**Dataset entries**
◆ ◆ ◆
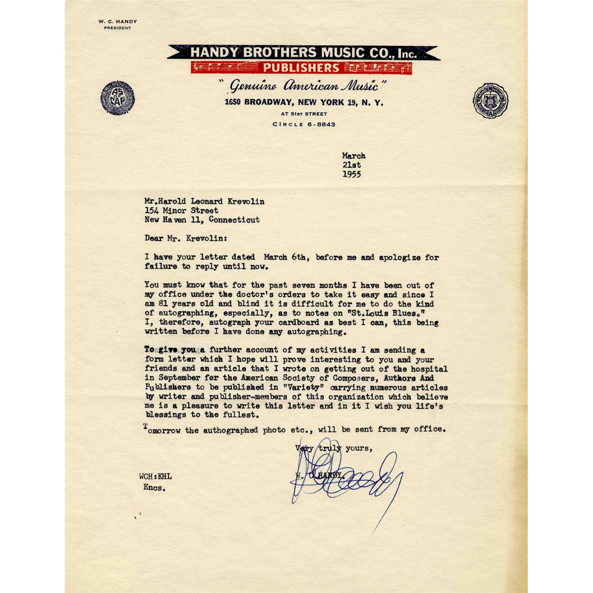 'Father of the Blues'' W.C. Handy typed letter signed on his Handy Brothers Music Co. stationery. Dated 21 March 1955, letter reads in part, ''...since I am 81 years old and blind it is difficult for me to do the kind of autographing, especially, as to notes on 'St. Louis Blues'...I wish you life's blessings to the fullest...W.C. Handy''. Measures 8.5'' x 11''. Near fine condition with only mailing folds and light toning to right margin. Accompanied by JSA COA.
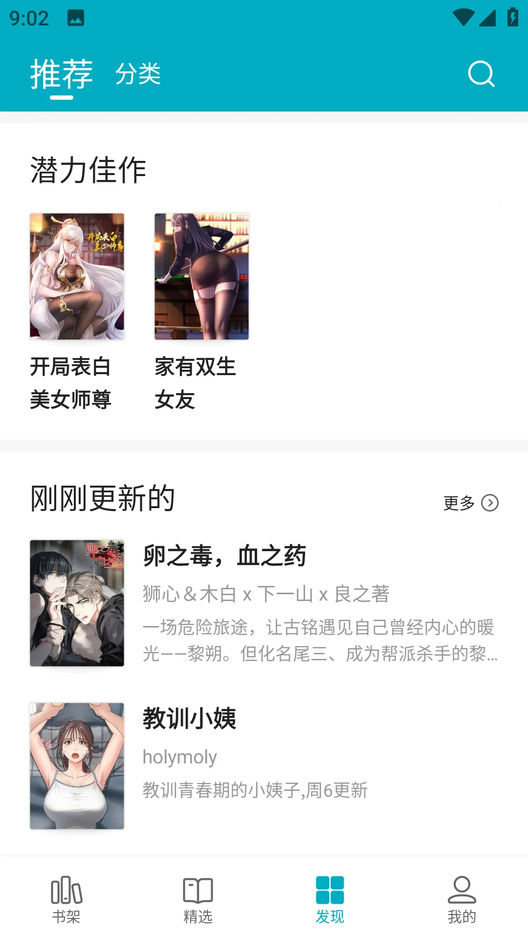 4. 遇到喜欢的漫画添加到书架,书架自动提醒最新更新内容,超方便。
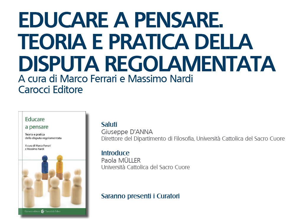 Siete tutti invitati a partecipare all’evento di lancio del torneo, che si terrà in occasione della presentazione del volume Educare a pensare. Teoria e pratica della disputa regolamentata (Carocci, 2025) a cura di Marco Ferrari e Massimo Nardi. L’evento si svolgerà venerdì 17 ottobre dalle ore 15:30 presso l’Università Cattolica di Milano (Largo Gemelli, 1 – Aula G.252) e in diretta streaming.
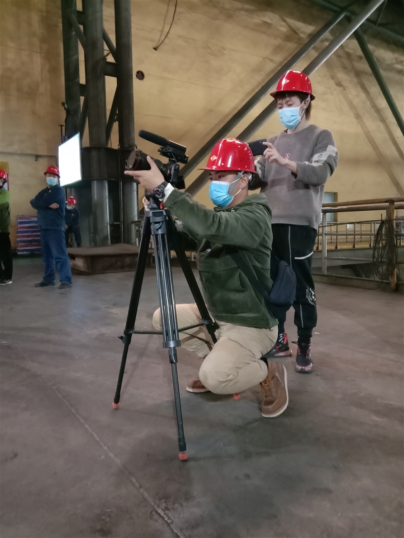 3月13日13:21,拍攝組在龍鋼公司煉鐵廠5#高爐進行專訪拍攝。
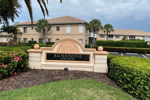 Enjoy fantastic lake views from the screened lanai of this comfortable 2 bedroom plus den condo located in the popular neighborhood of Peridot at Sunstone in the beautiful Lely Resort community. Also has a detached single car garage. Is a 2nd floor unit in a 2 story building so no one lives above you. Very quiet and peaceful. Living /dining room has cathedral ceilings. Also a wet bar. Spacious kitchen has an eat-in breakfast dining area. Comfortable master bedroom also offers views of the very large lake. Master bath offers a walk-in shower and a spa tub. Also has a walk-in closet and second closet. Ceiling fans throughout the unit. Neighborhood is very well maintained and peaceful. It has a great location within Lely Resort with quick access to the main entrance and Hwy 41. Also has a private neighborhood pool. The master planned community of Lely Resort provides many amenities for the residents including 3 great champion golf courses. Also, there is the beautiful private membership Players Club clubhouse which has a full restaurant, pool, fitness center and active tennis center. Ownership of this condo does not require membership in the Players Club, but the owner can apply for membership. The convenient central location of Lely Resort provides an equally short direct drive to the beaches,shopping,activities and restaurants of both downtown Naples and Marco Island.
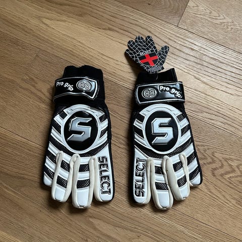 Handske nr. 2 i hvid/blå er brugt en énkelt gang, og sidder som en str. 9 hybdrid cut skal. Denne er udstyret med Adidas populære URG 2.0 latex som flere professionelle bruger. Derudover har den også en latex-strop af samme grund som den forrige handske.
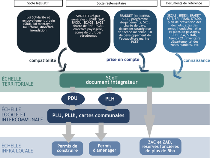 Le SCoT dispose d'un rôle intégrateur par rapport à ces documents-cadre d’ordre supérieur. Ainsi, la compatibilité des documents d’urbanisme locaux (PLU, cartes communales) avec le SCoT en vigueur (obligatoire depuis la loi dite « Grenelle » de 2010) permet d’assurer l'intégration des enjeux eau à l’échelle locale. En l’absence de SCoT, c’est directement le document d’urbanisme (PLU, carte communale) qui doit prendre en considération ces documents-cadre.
◆ ◆ ◆
**Your objective**
The full listing above, duplicated exactly and without its pictures, is the answer.

**Reply**
 'Father of the Blues'' W.C. Handy typed letter signed on his Handy Brothers Music Co. stationery. Dated 21 March 1955, letter reads in part, ''...since I am 81 years old and blind it is difficult for me to do the kind of autographing, especially, as to notes on 'St. Louis Blues'...I wish you life's blessings to the fullest...W.C. Handy''. Measures 8.5'' x 11''. Near fine condition with only mailing folds and light toning to right margin. Accompanied by JSA COA.
 4. 遇到喜欢的漫画添加到书架,书架自动提醒最新更新内容,超方便。
 Siete tutti invitati a partecipare all’evento di lancio del torneo, che si terrà in occasione della presentazione del volume Educare a pensare. Teoria e pratica della disputa regolamentata (Carocci, 2025) a cura di Marco Ferrari e Massimo Nardi. L’evento si svolgerà venerdì 17 ottobre dalle ore 15:30 presso l’Università Cattolica di Milano (Largo Gemelli, 1 – Aula G.252) e in diretta streaming.
 3月13日13:21,拍攝組在龍鋼公司煉鐵廠5#高爐進行專訪拍攝。
 Enjoy fantastic lake views from the screened lanai of this comfortable 2 bedroom plus den condo located in the popular neighborhood of Peridot at Sunstone in the beautiful Lely Resort community. Also has a detached single car garage. Is a 2nd floor unit in a 2 story building so no one lives above you. Very quiet and peaceful. Living /dining room has cathedral ceilings. Also a wet bar. Spacious kitchen has an eat-in breakfast dining area. Comfortable master bedroom also offers views of the very large lake. Master bath offers a walk-in shower and a spa tub. Also has a walk-in closet and second closet. Ceiling fans throughout the unit. Neighborhood is very well maintained and peaceful. It has a great location within Lely Resort with quick access to the main entrance and Hwy 41. Also has a private neighborhood pool. The master planned community of Lely Resort provides many amenities for the residents including 3 great champion golf courses. Also, there is the beautiful private membership Players Club clubhouse which has a full restaurant, pool, fitness center and active tennis center. Ownership of this condo does not require membership in the Players Club, but the owner can apply for membership. The convenient central location of Lely Resort provides an equally short direct drive to the beaches,shopping,activities and restaurants of both downtown Naples and Marco Island.
 Handske nr. 2 i hvid/blå er brugt en énkelt gang, og sidder som en str. 9 hybdrid cut skal. Denne er udstyret med Adidas populære URG 2.0 latex som flere professionelle bruger. Derudover har den også en latex-strop af samme grund som den forrige handske.
 Le SCoT dispose d'un rôle intégrateur par rapport à ces documents-cadre d’ordre supérieur. Ainsi, la compatibilité des documents d’urbanisme locaux (PLU, cartes communales) avec le SCoT en vigueur (obligatoire depuis la loi dite « Grenelle » de 2010) permet d’assurer l'intégration des enjeux eau à l’échelle locale. En l’absence de SCoT, c’est directement le document d’urbanisme (PLU, carte communale) qui doit prendre en considération ces documents-cadre.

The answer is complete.